Dembrexine reduces coughing and nasal discharge in horses with respiratory disease³⁶. The recommended dose is 0.3mg/kg to 0.5mg/kg bid (6×5mg to 10×5mg scoops bid per 500kg).

Bromhexine is not licensed in horses, but has also been reported to be of benefit in the treatment of equine respiratory disease³⁷.

In the author’s opinion, effective suppression of the underlying inflammatory response should negate the need for mucolytics.

Anti-inflammatory therapies

A number of therapies that offer theoretical benefits have been evaluated experimentally.

Lipoxygenase inhibitors, leucotriene antagonists, mitogen activated protein kinase inhibitors, phosphodiesterase-4 inhibitors and lignocaine did not prove to be of benefit^2,38.

Pentoxifylline reduced markers of oxidative stress in vitro³⁹ and improved pulmonary function in clinical cases at 30mg/kg to 40mg/kg
bid PO⁴⁰. However, it failed to reduce the degree of neutrophilic influx into the lower airways⁴⁰ and, on a practical note, is expensive.

Omega-3 polyunsaturated fatty acids (sunflower oil) did not improve pulmonary function or clinical signs in a crossover study design with nine horses with RAO⁴¹. Antioxidants do not appear to be of clinical benefit in the treatment of RAO, despite oxidative stress being a feature of the aetiopathogenesis⁴².

Nebulised sodium cromoglycate reduces the severity of disease in horses with RAO when administered prior to challenge^43,44 and also improves clinical signs in horses with IAD⁴⁵.

The importance of mast cells in the pathogenesis of RAO is uncertain22 and the efficacy of the drug in established RAO is less clear.
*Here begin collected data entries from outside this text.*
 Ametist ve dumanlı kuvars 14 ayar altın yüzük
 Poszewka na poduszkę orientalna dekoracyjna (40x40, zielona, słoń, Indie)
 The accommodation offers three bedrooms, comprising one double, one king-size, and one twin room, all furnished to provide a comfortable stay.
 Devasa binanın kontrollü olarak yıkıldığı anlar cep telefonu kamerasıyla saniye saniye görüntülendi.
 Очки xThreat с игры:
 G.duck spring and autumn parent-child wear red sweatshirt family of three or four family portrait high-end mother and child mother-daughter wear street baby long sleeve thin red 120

In horses with summer pasture-associated RAO or with IAD, in which mast cells may play a greater role, sodium cromoglycate may be more useful.

Inhaled doses of 80mg and 520mg sid have been reported^43,44. Using a metered dose inhaler a much lower dose of 0.04mg/kg to 0.06mg/kg bid (4×5mg to 6×5mg actuations bid per 500kg) tends to be used.
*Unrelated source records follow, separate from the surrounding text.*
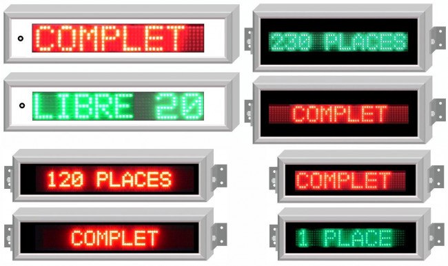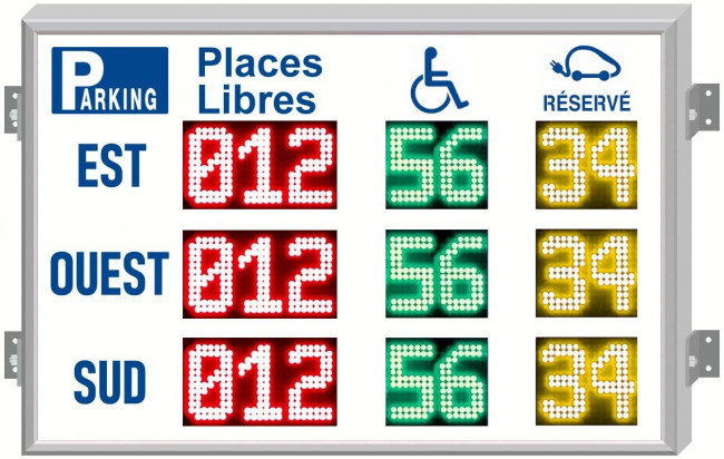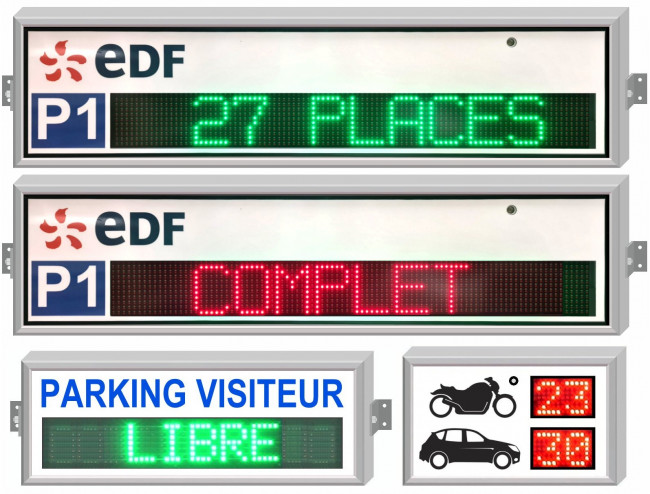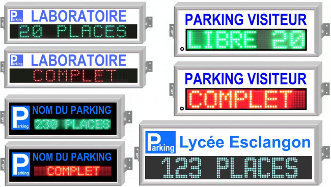 Nous fabriquons divers types de panneaux d'affichages pour les parkings, destinés pricipalement a indiqués un nombre de places restantes ou à défaut si le parking est complet.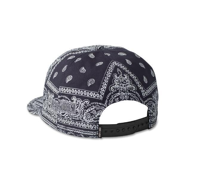 全体に施されたバンダナ柄のプリントがユニークな魅力を放ち、フロントの中央には織りラベルがアクセントとして存在感を引き立てます。
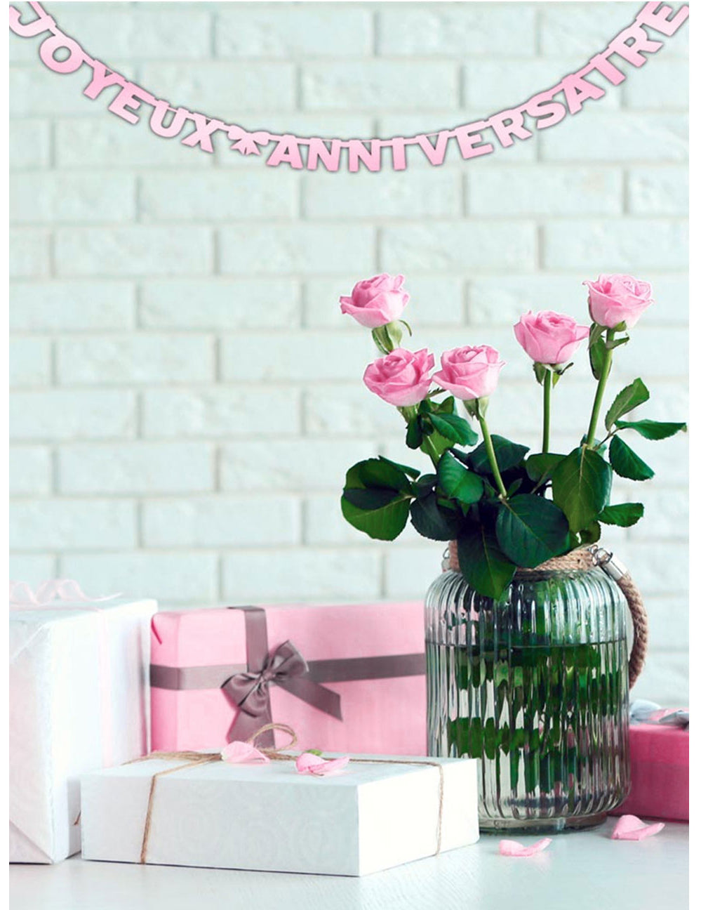 Această ghirlandă de naștere din carton măsoară aproximativ 280 cm lungime. Este alcătuit din scrisori roz formând „La mulți ani”. Îl puteți agăța cu ușurință datorită scopurilor sale. Această ghirlandă va fi ideală pentru decorarea unei camere sau a unei grădini în timpul unei zile de naștere în tonuri roz!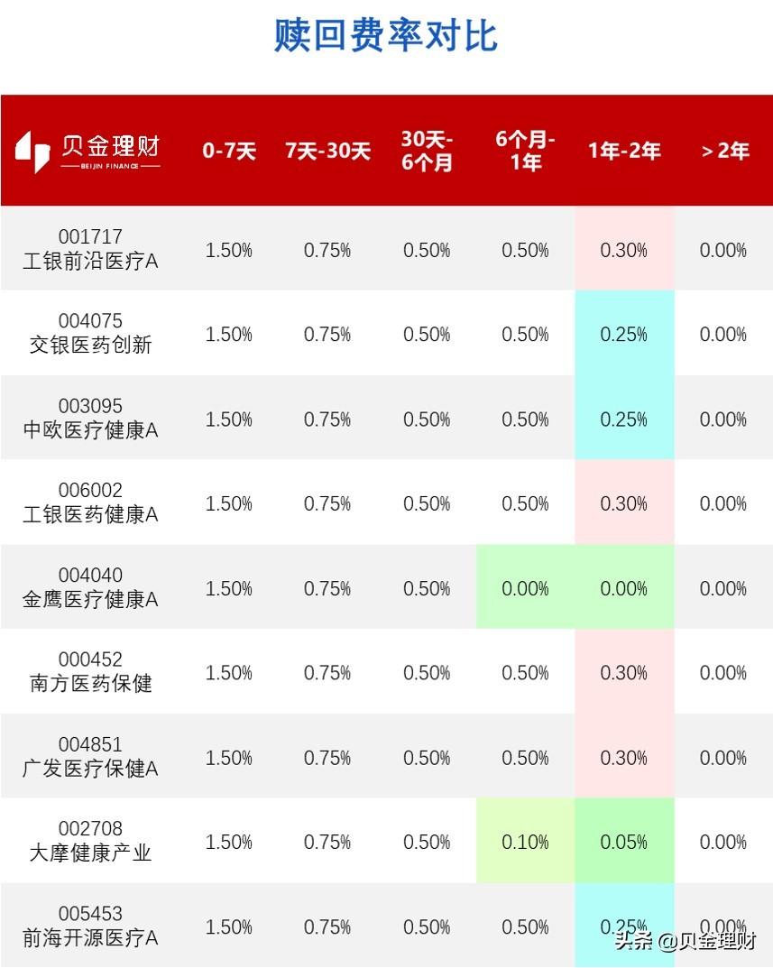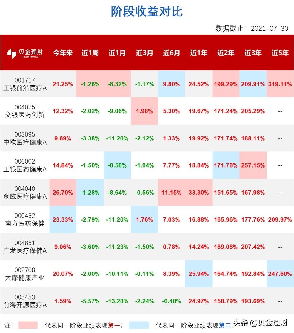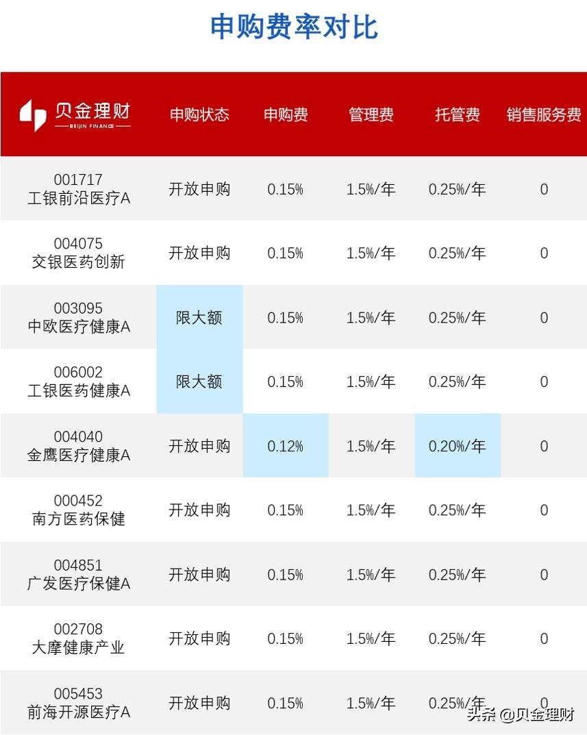 广发医疗保健A、工银前沿医疗A、交银医药创新、中欧医疗健康A、工银医药健康A

Interferon-alpha (50 units PO sid for five days) has been shown to result in clinical improvement in racehorses with IAD^46-48; however, bronchoalveolar lavage cytology is not consistently improved. In the author’s experience, response to the drug is disappointing.

Alternative remedies

Nutraceutical products for the treatment of lower airway disease abound. Claims of efficacy are invariably unsubstantiated and out of line with medicines regulations.

Some credible studies have been performed. A product containing extracts of thymus vulgaris and primula veris did improve measures of pulmonary function in horses with RAO⁴⁹.
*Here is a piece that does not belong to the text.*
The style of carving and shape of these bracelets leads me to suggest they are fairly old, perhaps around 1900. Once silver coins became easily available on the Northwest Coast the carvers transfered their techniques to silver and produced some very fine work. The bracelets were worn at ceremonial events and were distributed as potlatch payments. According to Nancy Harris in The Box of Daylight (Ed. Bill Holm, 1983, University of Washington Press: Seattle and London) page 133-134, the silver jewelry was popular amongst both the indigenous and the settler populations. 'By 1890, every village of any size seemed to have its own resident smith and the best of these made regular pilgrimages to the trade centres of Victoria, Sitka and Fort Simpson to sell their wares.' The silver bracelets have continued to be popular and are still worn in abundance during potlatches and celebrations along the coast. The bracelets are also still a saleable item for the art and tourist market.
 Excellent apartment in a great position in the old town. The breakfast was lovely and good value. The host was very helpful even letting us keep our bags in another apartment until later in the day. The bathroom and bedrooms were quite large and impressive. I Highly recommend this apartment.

A mixture of garlic, white horehound, boneset, aniseed, fennel, licorice, thyme and hyssop had no demonstrable benefit in a crossover study containing six horses with RAO⁵⁰.

A curcumin derivative reduced airway neutrophilia when administered via inhalation⁵¹.

A single acupuncture treatment failed to relieve clinical signs in acute RAO⁵².

Conclusion

Decision-making in the treatment of non-septic lower airway disease is complicated by the spectrum of disease – or, more likely – diseases, that exist and a lack of robust clinical trial data.

In both RAO and IAD, environmental management to maintain good air hygiene is paramount. Where this is insufficient, suppression of inflammation is central, with glucocorticoids being the most effective.

Bronchodilators may be useful adjuncts in horses with RAO and other therapies have their place in selected cases.

• Some drugs mentioned are used under the cascade.